Ceramics are more sensitive to tensile stresses and are therefore particularly vulnerable to this mechanism. Dry machining becomes necessary for this cutting material, as cooling lubrication will increase the cooling effect of the tool and have an additional negative impact on the tool’s operating state. The internal composition and structure of Al2O3 and SiAlON reinforced with silicon carbide whiskers determine that these materials have the characteristics of preventing crack formation and increasing fracture toughness. These two cutting ceramic materials have already been put on the market as indexing inserts and perform well in use.

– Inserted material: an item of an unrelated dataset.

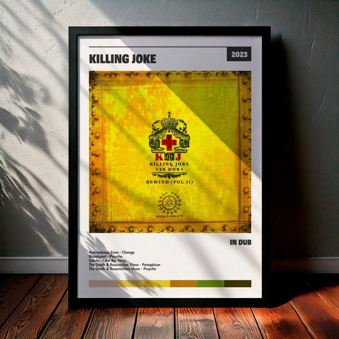 Nuestra colección de cuadros de Killing Joke captura la esencia de sus álbumes más icónicos, presentados en un elegante estilo, en este caso te presentamos el de su disco In Dub.

The most promising follow-up development is the production of so-called graded ceramics. In this regard, the strength characteristics of this material can be specifically changed by subsequent processing. Just like steel through quenching, ceramics can also be made into wear-resistant edges and non-fracture-resistant core areas.
Before the full ceramic development process, the use characteristics of these two ceramic materials as indexing inserts were analyzed. In the meantime, the wear resistance of the materials was also studied and evaluated. A detailed analysis of the tool design can be achieved by mechanical measurements on the workpiece combined with FEM simulations. The knowledge gained from practical tests is complemented by the numerically determined load limits. This allows the identification of load conditions that are detrimental to the strength characteristics of the ceramic. At the same time, the different self-vibration characteristics of different tool shapes are taken into account. Through targeted settings of tools and processes, not only can tool wear be significantly reduced and tool service life be increased, but also the geometric quality of the workpiece surface is significantly improved.
For a research institute, it is crucial that it has the unique conditions to manufacture tools on its own high-precision grinders, subsequently measure them on tool measuring equipment, and test them on powerful HSC machining centers. This allows for very short development cycles and in-depth knowledge of the process.